A chegada das tropas portuguesas começa a ser documentada pela imprensa mundial da época, incluindo no imenso rol de jornais, o New York Times (edição de 11 de Março de 1917).
Aos portugueses, esteve destinado, numa fase inicial, um local resguardado dos combates mais duros.
Os militares portugueses estavam de forma limitada no conflito, com imensos condicionalismos face aos seus congéneres. Com o evoluir do tempo começam a ter um maior envolvimento na guerra. O governo português e o Ministério da Guerra, em todo o tempo que o CEP está em França, apoiam de forma muito condicionada a sua acção militar. Vários tipos de pedidos de reforços seguem para Portugal.
Medina referiu que os “efectivos dos batalhões estavam reduzidos a metade, a falta de oficiais é imensa. A situação é difícil e perigosa, sendo impossível assim de cumprir com decoro as acções do exército português e a missão confiada, acrescendo na circunstância muitos homens esgotados fisicamente, moralmente deprimidos». (Medina, 1993: 274; Tomo 1).

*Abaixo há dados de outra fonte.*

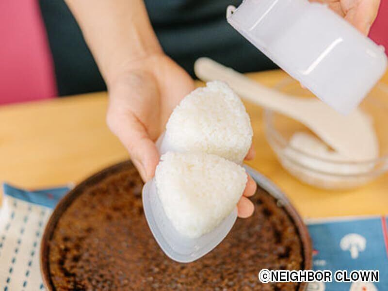 違う味で作ったり、海苔をセットして海苔巻きおにぎりを作ったりすることも。手で直接触れないので、衛生的かつ、炊き立てのアツアツご飯でも作ることができるのもポイントです。
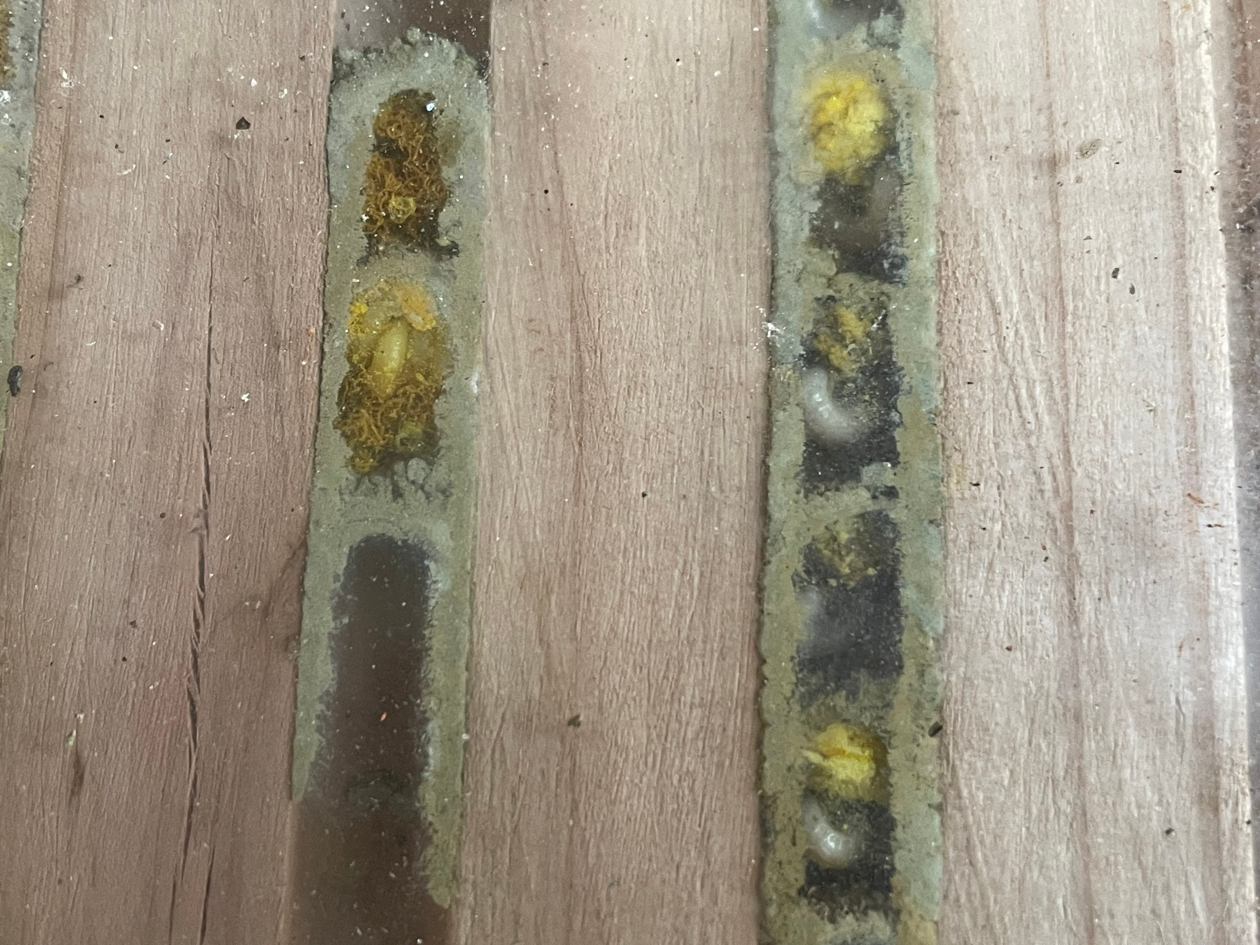 Insects such as solitary bees will carefully inspect every available hole, looking for the perfect nook, before reversing in, laying their eggs and sealing the entrance. The larvae will then hatch in their own time, eat their way out of the nest, and the wide world awaits.
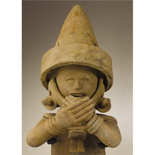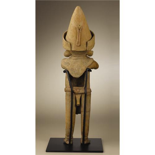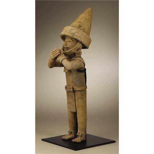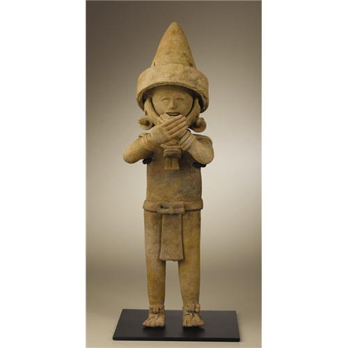 <B>Standing Male Figure with Conical Headdress and Hands Clasped in Front of Face</B></I><BR>Veracruz<BR>A.D. 300 - 900<BR>Ceramic, traces of original red paint<BR>Height 25 in. Width 8 in.<BR><BR>The tall, rather narrowly-proportioned figure stands straight with his arms raised so that the hands meet in front of the chin as if in prayer, the left hand inside the right. Other than the headdress and elaborate ear spools, he is dressed with a necklace, a cape which falls to a rounded tip in back, three bracelets on each arm, a loincloth, and sandals with knots in front. The large conical headdress has a broad bottom band and is attached by a wide chin strap. A small double component hangs on the back of the conical element. The circular ear ornaments have long tubular projections thrusting forward.<BR><BR>Rather extensive breakage has been consolidated and repaired. There is a thermoluminescence report from Laboratory Ralf Kotalla (No. 07220303) indicating firing 1200 years before present with a 20% variable. A copy of this report will be available for inspection.<BR><BR>Provenance<BR>Mr. Calderon, Los Angeles<BR>Splendors of the World, Haiku, Hawaii.<BR><BR>
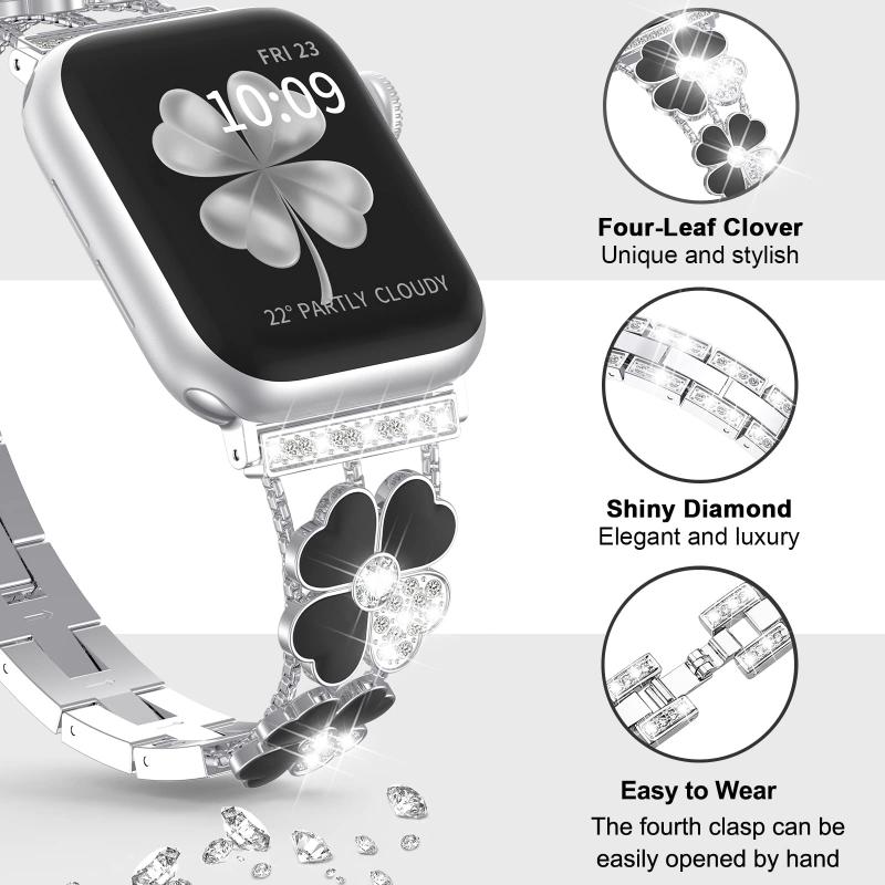 Για Apple Watch 3 42mm Μεταλλικό Μπρασελέ Πετάλου Διαμάντι (Μαύρο+Λευκό)
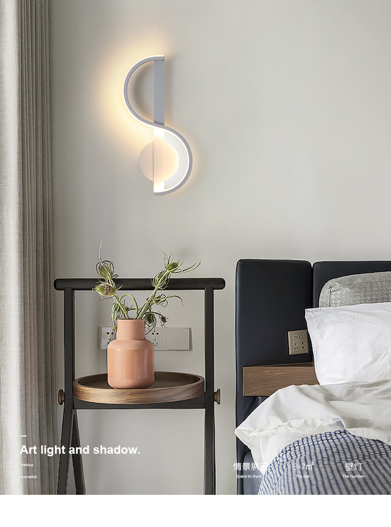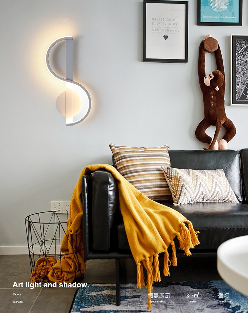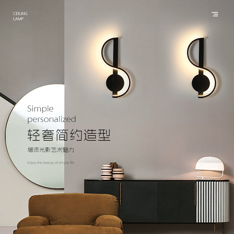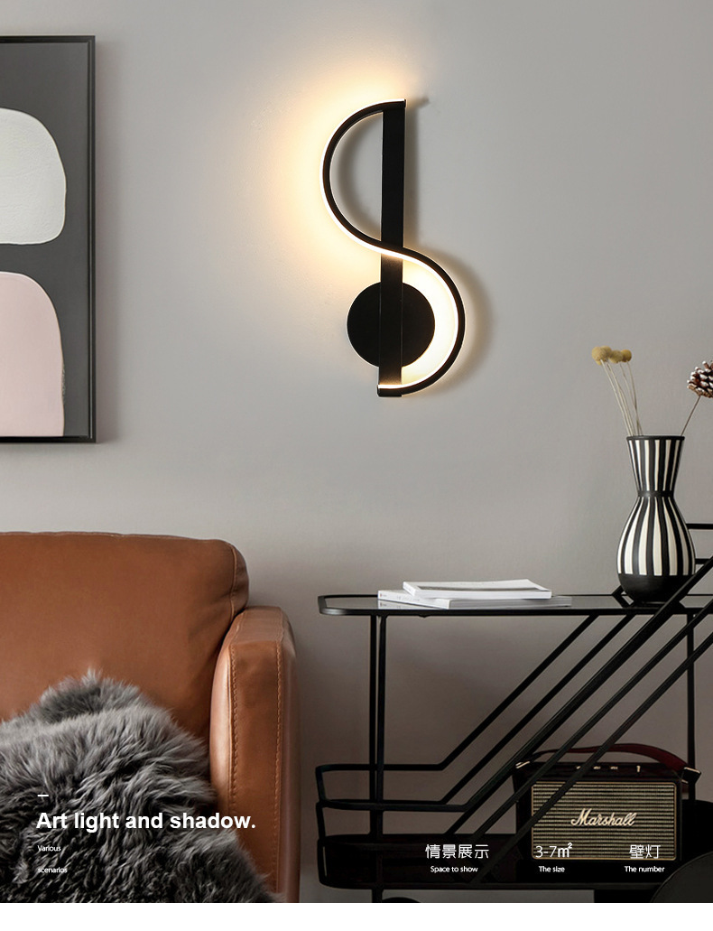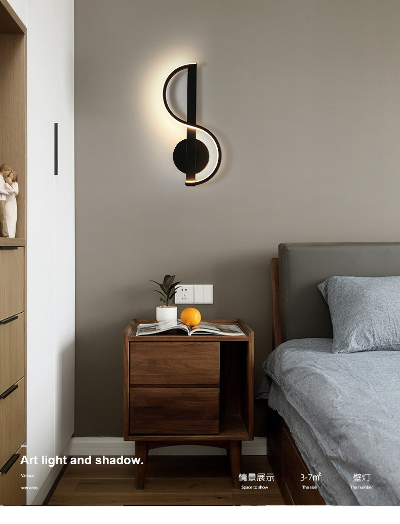 창조적 인 거실 LED 벽 램프 북유럽 창조적 인 침실 장식 야간 조명 모델 룸 실내 라인 노트 침대 옆 램프스토어 가기
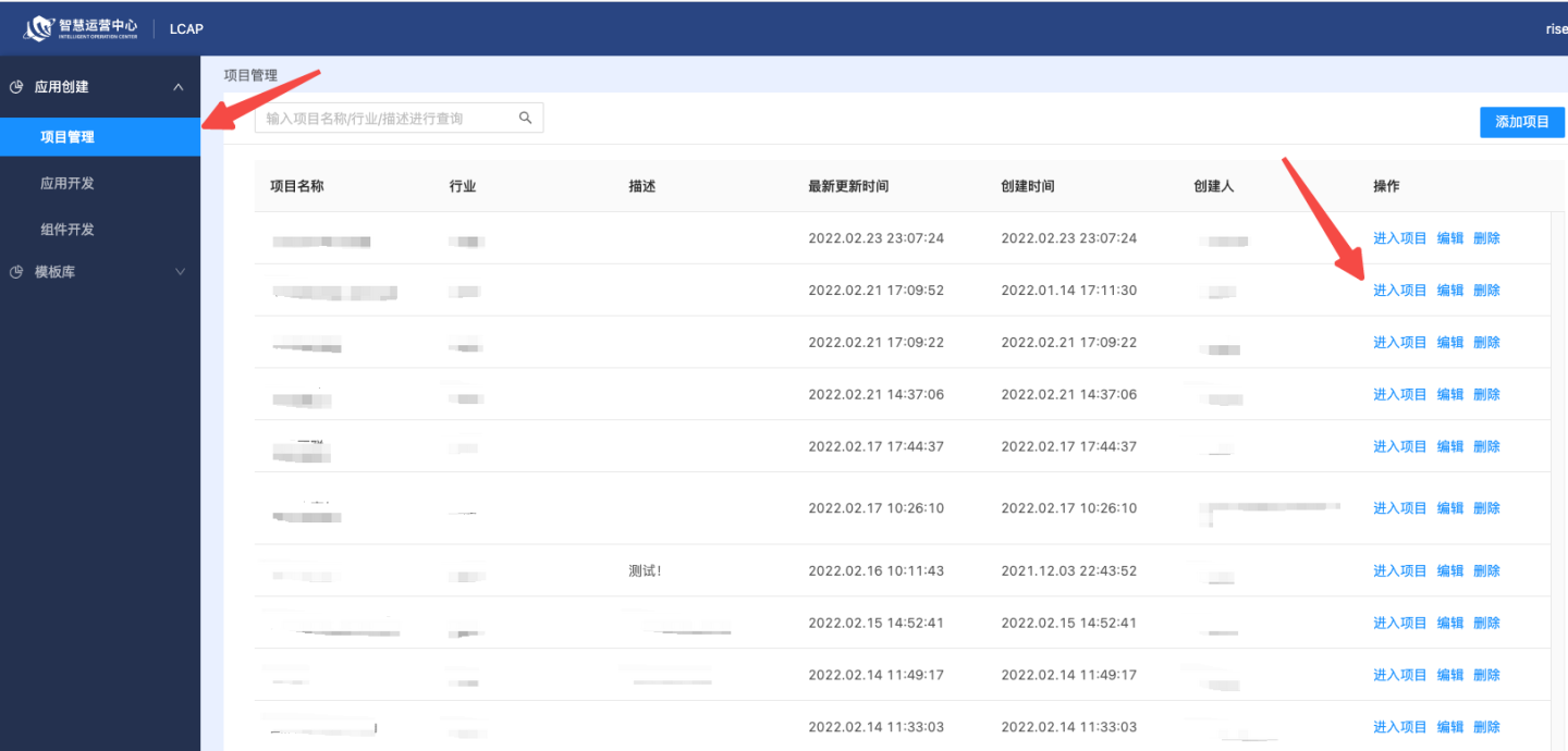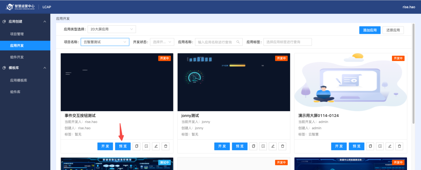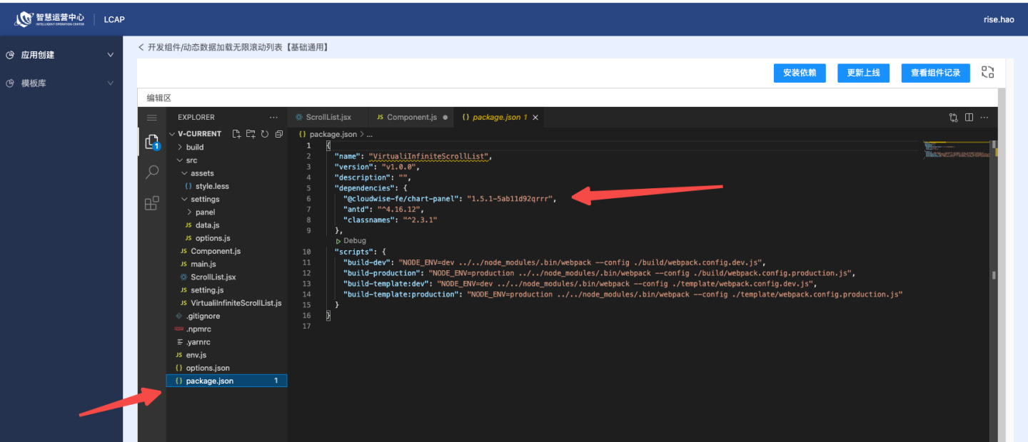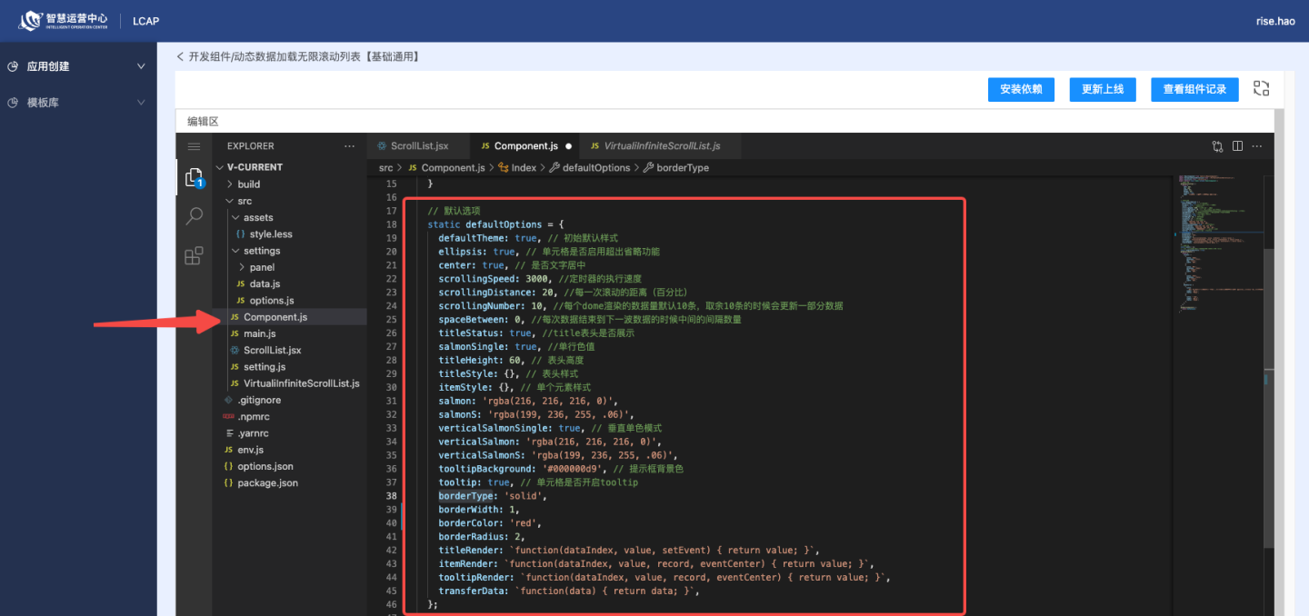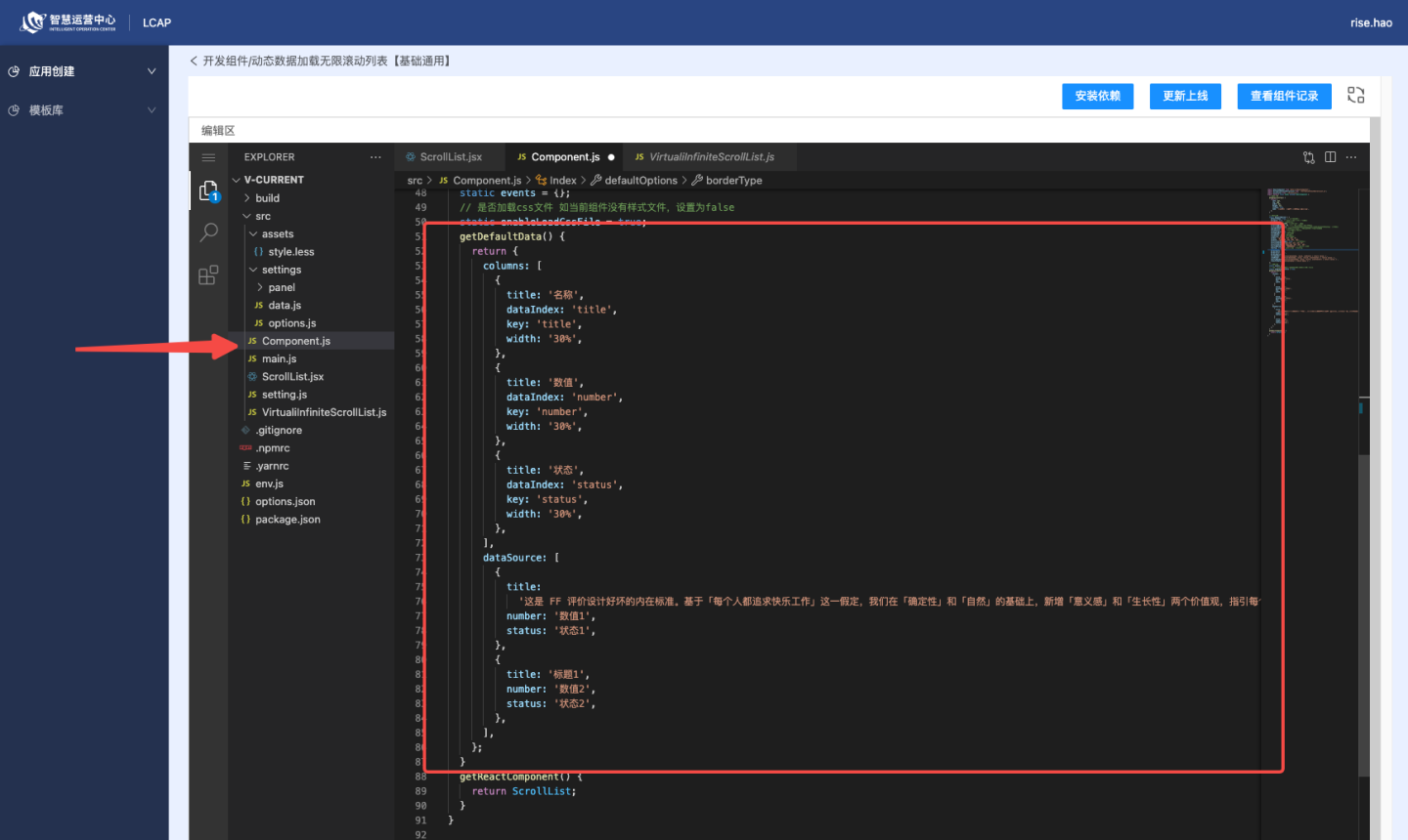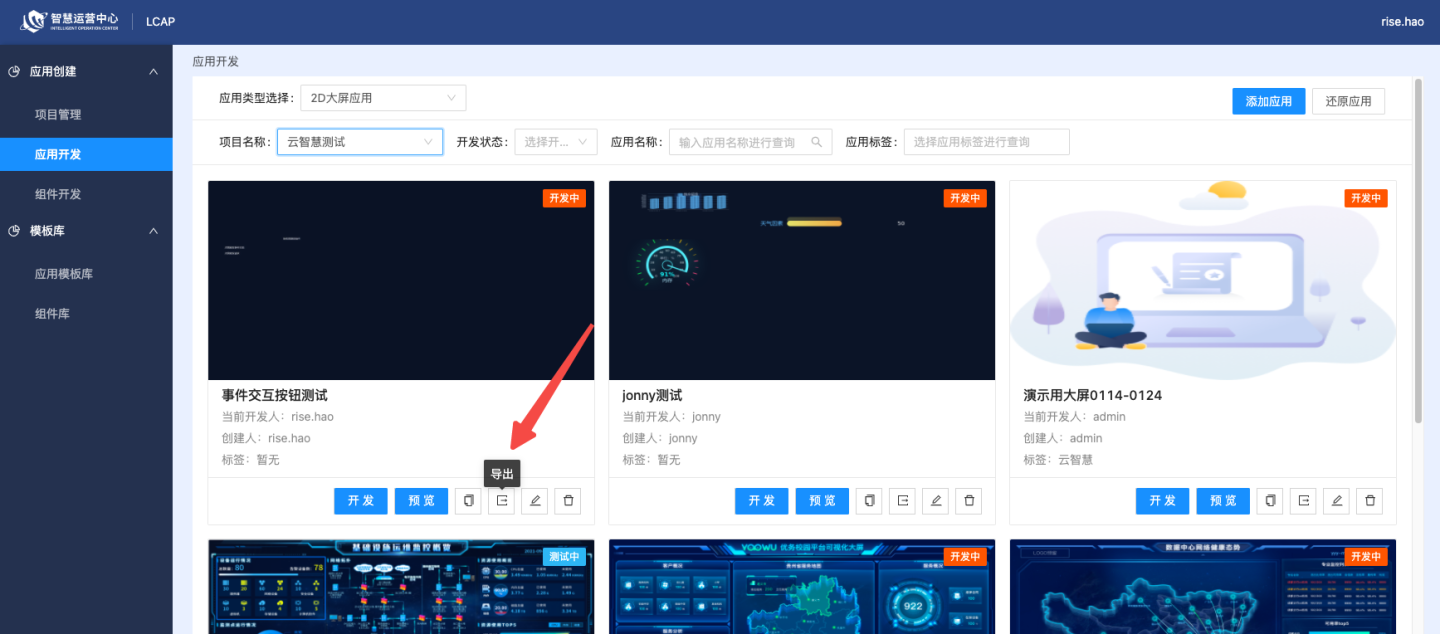 2. 项目组件开发,选择刚刚创建好的项目组件、点击开发组件
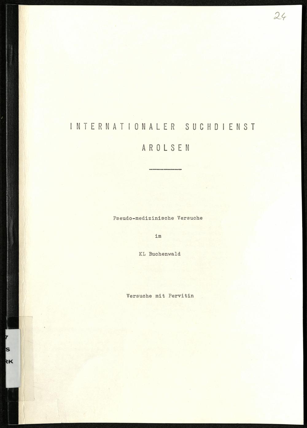 Pseudo-medizinische Versuche im KL Buchenwald : Versuche mit Pervitin / Internationaler Suchdienst
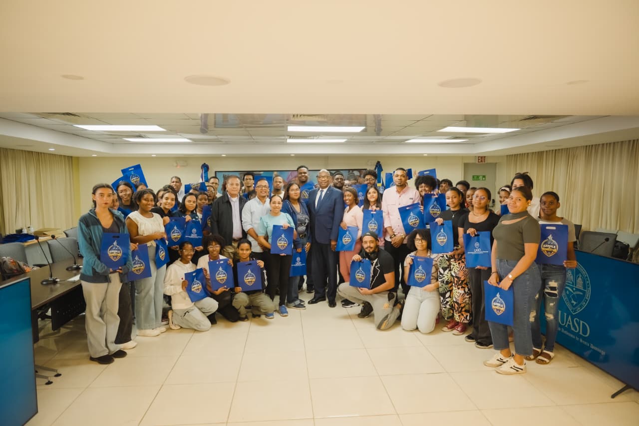 El rector de la Universidad Autónoma de Santo Domingo (UASD), Editrudis Beltrán Crisóstomo, recibió en el Despacho de la Rectoría, a los estudiantes ganadores del concurso “Gánale al Semestre”, a quienes ofreció un mensaje de bienvenida enfocado en la importancia de la disciplina, la perseverancia y el compromiso con el conocimiento como pilares fundamentales para la superación personal y el desarrollo del país.
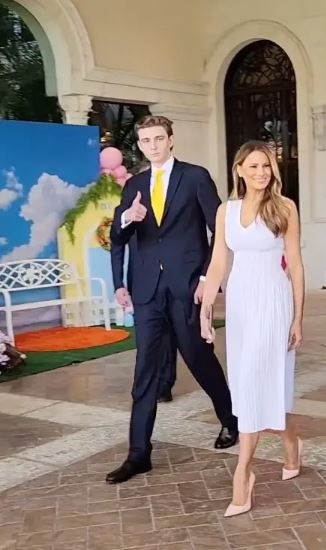 Ο 18χρονος Μπάρον και η 53χρονη μητέρα του απουσίαζαν κατά κύριο λόγο από την προεκλογική εκστρατεία του πρώην προέδρου, εμφανίστηκαν ωστόσο μαζί στο κτήμα του στο Παλμ Μπιτς, στη Φλόριντα για να περάσουν όλοι μαζί την εορταστική ημέρα.
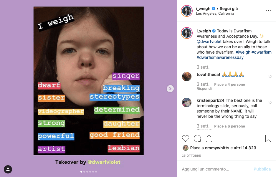 Su queste basi è nato, ad esempio, il movimento I Weigh, fondato dall’attrice e attivista Jameela Jamil, che ha coinvolto su questo fronte diverse personalità del mondo dello spettacolo.

Agrava-se o panorama da guerra no começo de 1918, quando a Rússia assina a paz e a Alemanha ganha imediatamente mais força, lançando mais divisões na frente francesa.
No dia 9 de Abril de 1918, às 04h15 da madrugada, os alemães, numa frente de 18 quilómetros, invadem uma zona que tem o sector português como alvo. O desastre acontece, com uma humilhação das tropas portuguesas no campo de batalha.
A descrição da batalha de La Lyz é elucidativa em várias publicações da época, retratando o fim inglório dos soldados portugueses. Significou a morte de muitos soldados portugueses, num ambiente e cenário de guerra trágica, com as tropas lusas a serem surpreendidas pela potência alemã que estava sabedora da intenção de retirada portuguesa da Flandres naquela madrugada.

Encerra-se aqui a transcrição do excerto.